The BC Commissioner stated the decisions involving a comparable provision in the British Columbia Freedom of Information and Protection of Privacy Act [s. 43(b)] will be helpful in considering the application of s. 37(b) of BC PIPA.

In the instant case, the Commissioner noted that because of the litigation disclosure process invoked in litigation involving the applicant and the law firm’s clients, the applicant knew what personal information the respondent law firm had about him and that further disclosure under BC PIPA would merely duplicate what the applicant already had, save for documents subject to solicitor-client privilege which is protected in any event by s. 23(3) (a) of BC PIPA.

2005 May 25
Order P05-01, K.E. Gostlin Enterprises Limited

The BC Commissioner ordered that BC PIPA permitted a Canadian Tire store to require an individual to provide his or her (1) name, (2) address and (3) telephone number when returning goods to the store for the purpose of protecting itself from loss due to fraud by requiring customers to identify themselves.

The Commissioner ruled that such information is “necessary” for that purpose within the meaning of s. 7(2) of BC PIPA, which provides that an “organization must not, as a condition of supplying a product or service, require an individual to consent to the collection, use or disclosure of personal information beyond what is necessary to provide the product or service.” “I find that the personal information the organization requires its customers to provide in order to return goods is, considered in a searching yet reasonable manner, ‘necessary’ for that particular transaction.

The Commissioner concluded that personal information may be “necessary” under s. 7(2) even if it is not “indispensable … in the sense that it is not possible to supply the product or service without the personal information.”

On the other hand, the Commissioner concluded that collecting that information for the purpose of customer satisfaction follow-up, albeit appropriate, was not “necessary” as contemplated by s. 7(2) and therefore required the consent of the individual.

The Commissioner expressed a “preliminary view” that asking for the individual’s date of birth should be optional and must be clearly so as it was not clear to him that it would be “necessary” within the meaning of s. 7(2).

The Commissioner also expressed a “preliminary view” that asking for photo identification such as a driver’s licence would be “necessary” within the meaning of s. 7(2).

The Commissioner rejected submissions by the store that it was entitled to retain the name, address and telephone number of customers indefinitely pursuant to s. 35(2) of BC PIPA on the grounds this was necessary to prevent fraud.
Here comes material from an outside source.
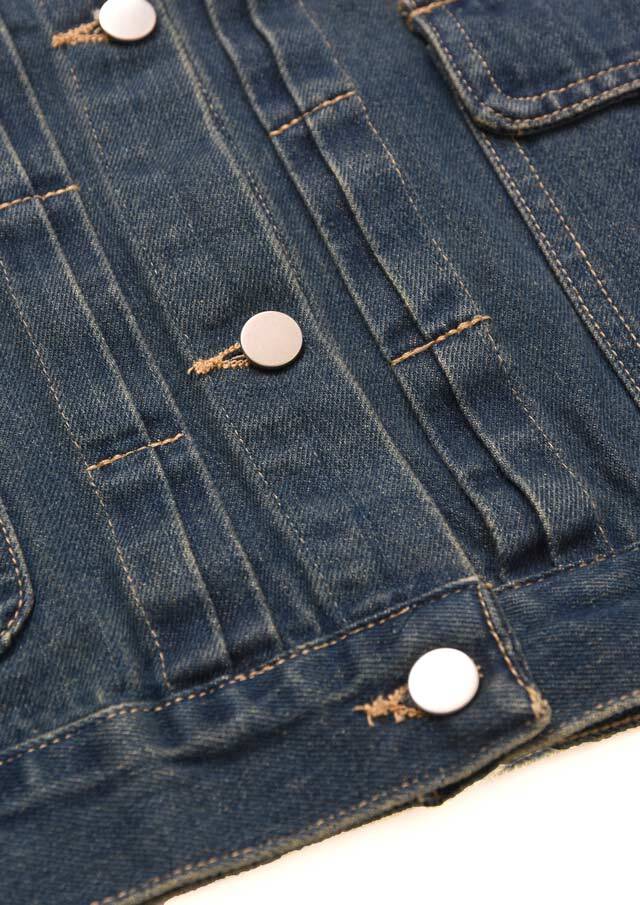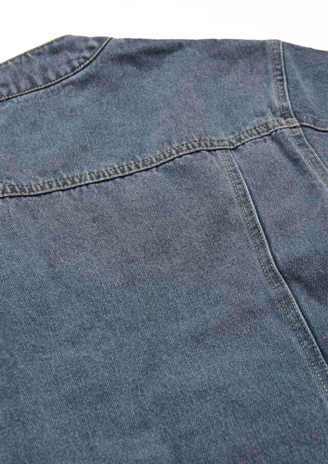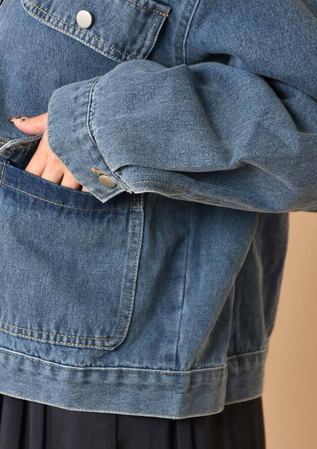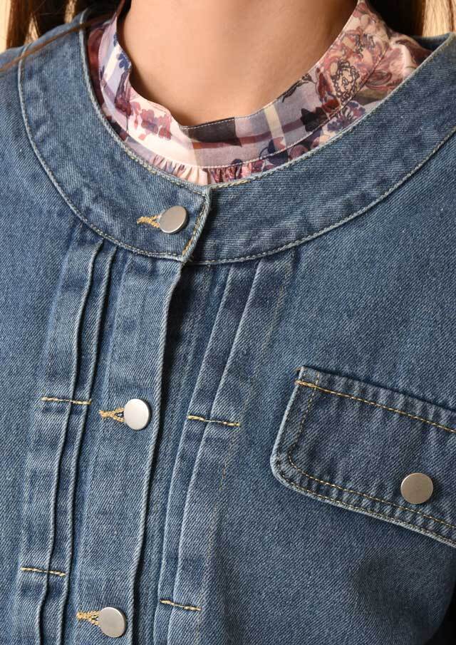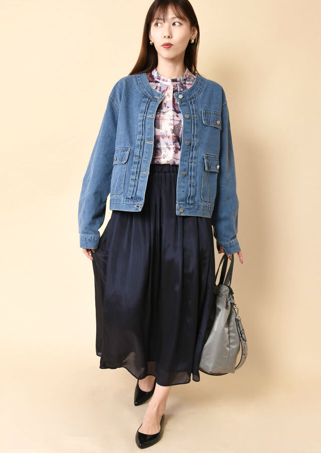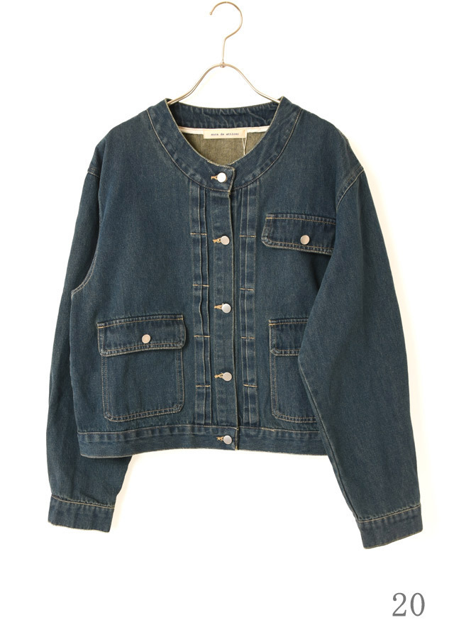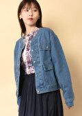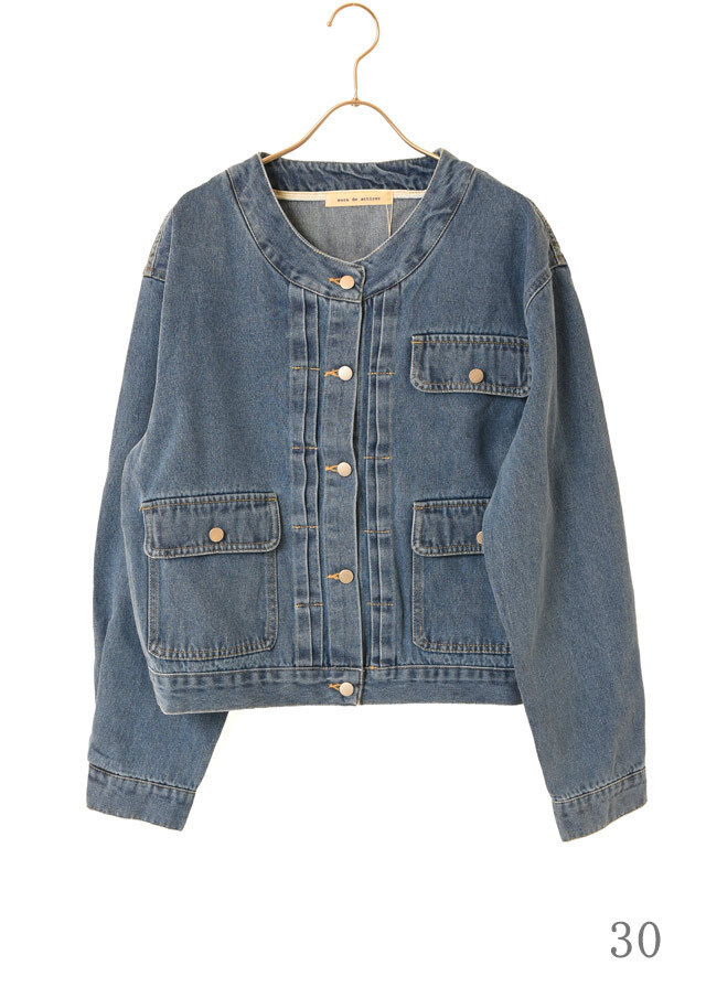 ノーカラーでスッキリとした印象のデニムジャケット。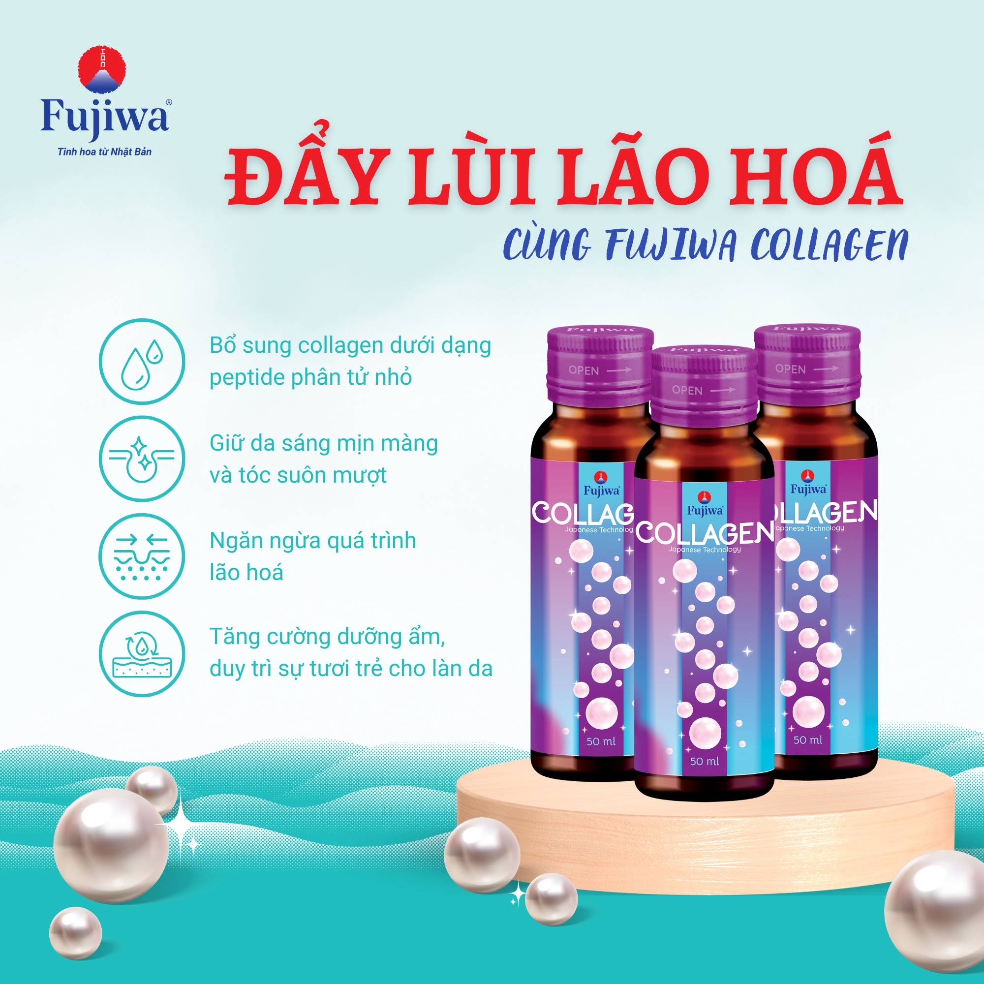 ĐẨY LÙI LÃO HÓA VỚI NƯỚC UỐNG ĐẸP DA FUJIWA COLLAGEN

The Commissioner declined, however, to specify a retention period, merely directing the store to formulate a schedule for retention which complies with s. 35(2).
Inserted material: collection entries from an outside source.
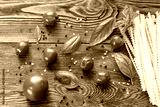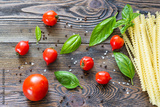 Pasta ingredients. Cherry-tomatoes, spaghetti pasta, basil and s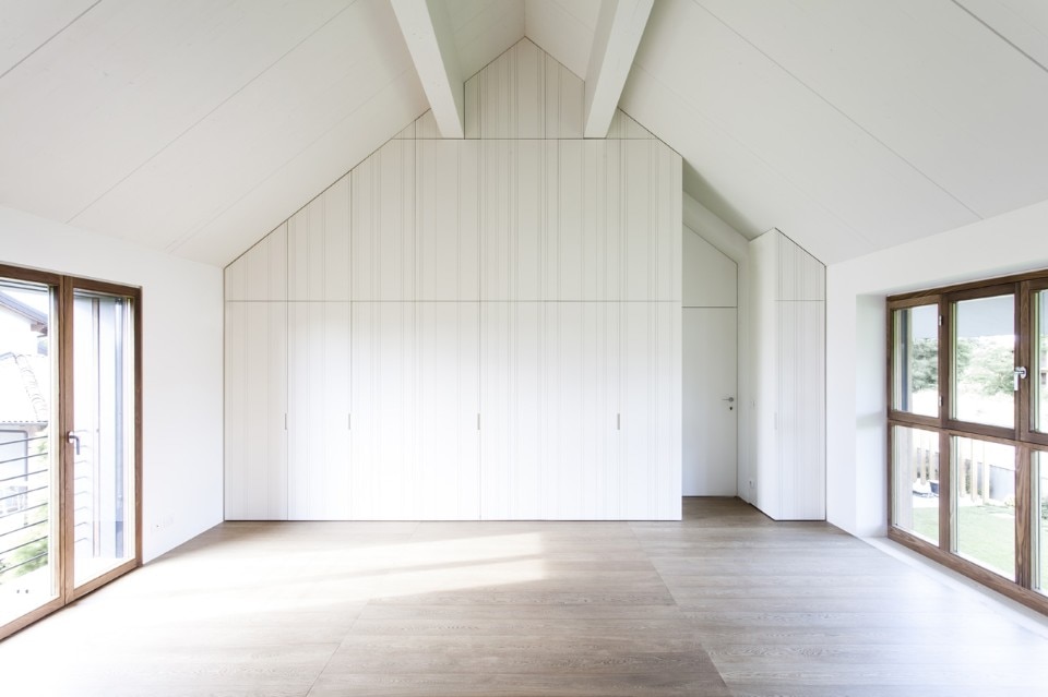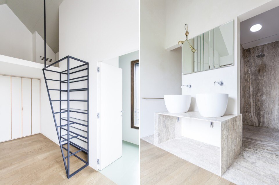 La duplice esposizione delle stanze, valorizzata dalle relative aperture con affaccio sul giardino, regala agli ambienti interni un’abbondante luce naturale che anima i locali: si tratta per la quasi totalità di ampie porte finestre che illuminano pienamente gli interni. La luce scaturisce anche dai grandi camini esterni che in alcuni casi ospitano canne fumarie mentre in altri, per l’appunto, diventano veri e propri camini di luce.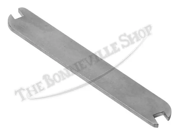 This clever and economical double-ended wrench allows for tappet adjustments in tight positions due to its angled cuts for the square head rocker pins on Triumph twins.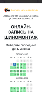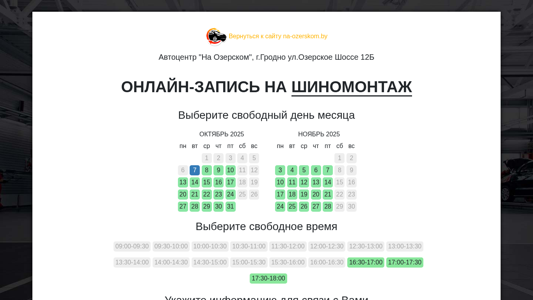 SEO-лексика | выберите 2025 запись услуги шиномонтажа вернуться сайту na-ozerskom автоцентр озерском гродно озерское шоссе 12б онлайн-запись шиномонтаж свободный день месяца октябрь |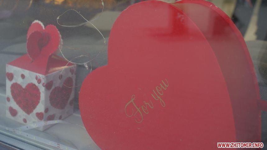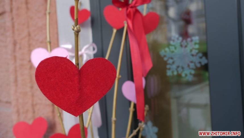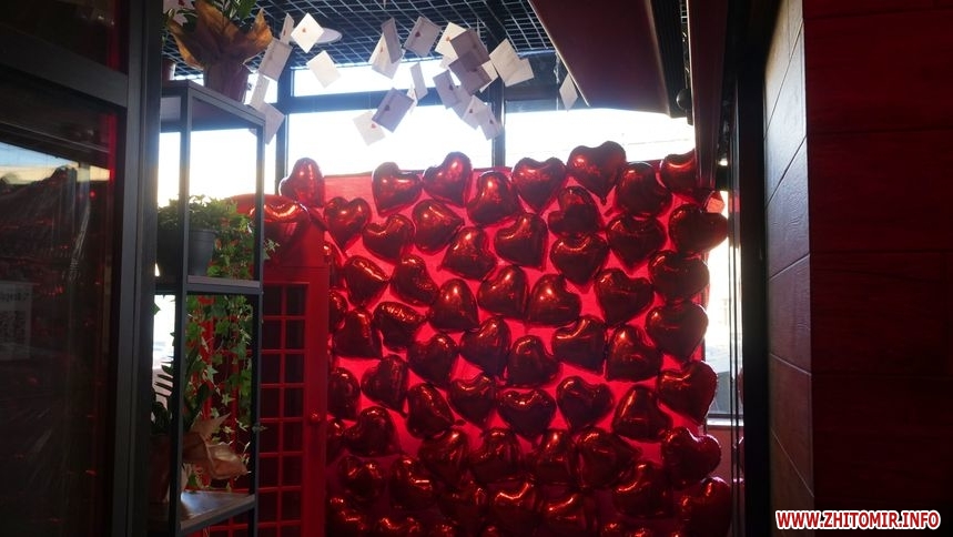 У п’ятницю, 14 лютого, у світі відзначатимуть День Святого Валентина. До свята закоханих житомирські заклади прикрасили сердечками, кульками, тематичними декораціями та написами про кохання.

In this ruling, the Commissioner rejected as the test adopted by the Federal Court in Eastmond v Canadian Pacific Railway, 2004 FC 852 as applicable generally to s. 11 of BC PIPA, which provides that “an organization may collect personal information only for purposes that a reasonable person would consider appropriate in the circumstances…”
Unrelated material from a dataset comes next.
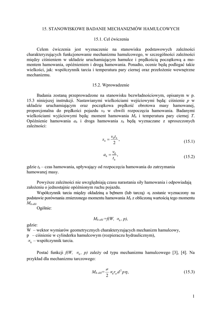 15. STANOWISKOWE BADANIE MECHANIZMÓW HAMULCOWYCH 15.1. Cel ćwiczenia Celem ćwiczenia jest wyznaczenie na stanowisku podstawowych zależności charakteryzujących funkcjonowanie mechanizmu hamulcowego, w szczególności zależności między ciśnieniem w układzie uruchamiającym hamulce i prędkością początkową a momentem hamowania, opóźnieniem i drogą hamowania. Ponadto, ocenie będą podlegać takie wielkości, jak: współczynnik tarcia i temperatura pary ciernej oraz przełożenie wewnętrzne mechanizmu. 15.2. Wprowadzenie Badania zostaną przeprowadzone na stanowisku bezwładnościowym, opisanym w p. 15.3 niniejszej instrukcji. Nastawianymi wielkościami wejściowymi będą: ciśnienie p w układzie uruchamiającym oraz początkowa prędkość obrotowa masy hamowanej, proporcjonalna do prędkości pojazdu v0 w chwili rozpoczęcia hamowania. Badanymi wielkościami wyjściowymi będą: moment hamowania Mh i temperatura pary ciernej T. Opóźnienie hamowania ah i droga hamowania sh będą wyznaczane z uproszczonych zależności: sh = v0 t h , 2 (15.1) v0 , th (15.2) ah = gdzie th – czas hamowania, upływający od rozpoczęcia hamowania do zatrzymania hamowanej masy. Powyższe zależności nie uwzględniają czasu narastania siły hamowania i odpowiadają założeniu o jednostajnie opóźnionym ruchu pojazdu. Współczynnik tarcia między okładziną a bębnem (lub tarczą) µh zostanie wyznaczony na podstawie porównania zmierzonego momentu hamowania Mh z obliczoną wartością tego momentu Mh obl. Ogólnie: Mh obl =f(W, µ h , p), gdzie: W – wektor wymiarów geometrycznych charakteryzujących mechanizm hamulcowy, p – ciśnienie w cylinderku hamulcowym (rozpieraczu hydraulicznym), µ h – współczynnik tarcia. Postać funkcji f(W, µ h , p) zależy od typu mechanizmu hamulcowego [3], [4]. Na przykład dla mechanizmu tarczowego: Mh obl= π 2 µ h rśr d 2 pη , (15.3) 1 przy czym: rśr ≈ 2 rz3 − rw3 , 3 rz2 − rw2 (15.4) oraz: d p p = ps s d p 2 , (15.5) Porównując Mh=Mh obl , można wyznaczyć µ h : µh = 2M h . π ⋅ rśr d 2 pη (15.6) We wzorach przyjęto oznaczenia: - średnica tłoka w siłowniku pneumatycznym, ds - średnica tłoczka w pompie hamulcowej, dp - średnica tłoczka zacisku hamulca tarczowego (tłoczka cylinderka hamulca bębnowego), d - średni promień tarcia, rśr - zewnętrzny, wewnętrzny promień powierzchni tarcia, rz,w - zmierzone ciśnienie w siłowniku pneumatycznym, ps - obliczone ciśnienie w pompie hamulcowej (układzie hydraulicznym) pp - zmierzony moment tarcia, Mh Mh obl - moment tarcia obliczony wg zależności (15.3), η - sprawność mechanizmu hamulcowego (tylko części mechanicznej) (η ≈ 0,98) . Przełożenie wewnętrzne mechanizmu wyznacza się z zależności: iw = Mh , rFr (15.7) gdzie: Fr – siła rozpierająca (ściskająca w hamulcu tarczowym), przy czym dla hamulca hydraulicznego: Fr = πd 2 4 p, (15.8) r – dla hamulca bębnowego promień bębna, dla hamulca tarczowego średni promień tarcia (r=rśr). 2 15.3. Urządzenie badawcze Ćwiczenie zostanie przeprowadzone na stanowisku badawczym, którego schemat przedstawiono na rys. 15.1. a) b) Rys. 15.1. Schemat stanowiska do badań hamulców: a) schemat uproszczony, b) schemat szczegółowy. • • W skład stanowiska wchodzą: hydrauliczny dwuobwodowy układ uruchamiający hamulce, wyposażony w zespół pompy hamulcowej, obecnie zabudowany mechanizm hamulca tarczowego (3); opcjonalnie może zostać dodatkowo zabudowany hamulec bębnowy (4); 3 • układ inercyjny dla prób hamowania hamulcami (3) oraz (4), składający się; z masy wirującej (20), rozpędzanej przed próbą silnikiem elektrycznym (1). Moment bezwładności masy (20) dobrany jest w taki sposób, aby energia kinetyczna tej masy (zamieniana na ciepło w procesie hamowania) była w przybliżeniu równa energii odbieranej przez hamulec jednego koła podczas hamowania rzeczywistym pojazdem. Masa (20) połączona jest z silnikiem (1) za pomocą sprzęgła jednotarczowego (19), a z hamulcami (3) oraz (4) bezpośrednio wałem; • mechanizm włączania, składający się z siłownika pneumatycznego (5), zasilanego ze zbiornika sprężonego powietrza i działającego na tłoczek pompy hamulcowej tak jak pedał hamulca, układ (17) sterowania silnikiem elektrycznym (1), ręczne zawory odcinające (7) i (8). Powietrze do zbiornika dostarczane jest przez sprężarkę. Dodatkowo zbiornik wyposażony jest w zawór upustowy; • układ pomiarowy, składający się z: czujników siły (9) oraz (10) wraz ze wzmacniaczami pomiarowymi (12) i (13), czujnika (15) prędkości obrotowej masy hamowanej (20) wraz z tarczą (2), czujnika temperatury tarczy hamulcowej - pirometru (16), elektropneumatycznego zaworu proporcjonalnego (18) - pełniącego również rolę czujnika ciśnienia w siłowniku (5). Sygnały z poszczególnych czujników są rejestrowane w funkcji czasu poprzez układ akwizycji danych komputera stanowiska pomiarowego. Na rys. 15.2 przedstawiono przykładowe przebiegi czasowe zarejestrowanych wielkości. Rys. 15.2. Przykładowe przebiegi czasowe zarejestrowanych wielkości na stanowisku do badania hamulców Uwaga. W niniejszym ćwiczeniu opisane stanowisko będzie wykorzystywane w niepełnym zakresie. 4 15.4. Sposób wykonania ćwiczenia Wykonać trzy serie prób hamowania: a) dla różnych wartości ciśnienia w siłowniku pneumatycznym (5) przy niezmiennej prędkości początkowej hamowanej masy oraz temperaturze początku hamowania b) zmieniając prędkość początkową hamowanej masy przy stałej wartości ciśnienia w siłowniku pneumatycznym (5) i stałej temperaturze początku hamowania. c) powtarzając kolejno 16-18 razy próbę hamowania przy maksymalnej prędkości początkowej i ze stałą oraz maksymalną wartością ciśnienia w siłowniku pneumatycznym (5), przy wyłączonym chłodzeniu. Podczas wszystkich prób wymienionych w punktach a, b i c pomiarom podlegają: prędkość począt

The Commissioner held that s. 11 of BC PIPA invokes on objective test of “a reasonable person”. “The idiosyncrasies, likes, dislikes or preferences of a particular individual do not determine the outcome … Under s. 11, one has to decide whether the hypothetical reasonable person, knowing the purposes for collection and the surrounding ‘circumstances’ would consider the purposes for collection to be ‘appropriate’. Relevant circumstances may include the kind and amount of personal information being collected, the uses to which it will be put and any disclosures the organization intends at the time of collection.”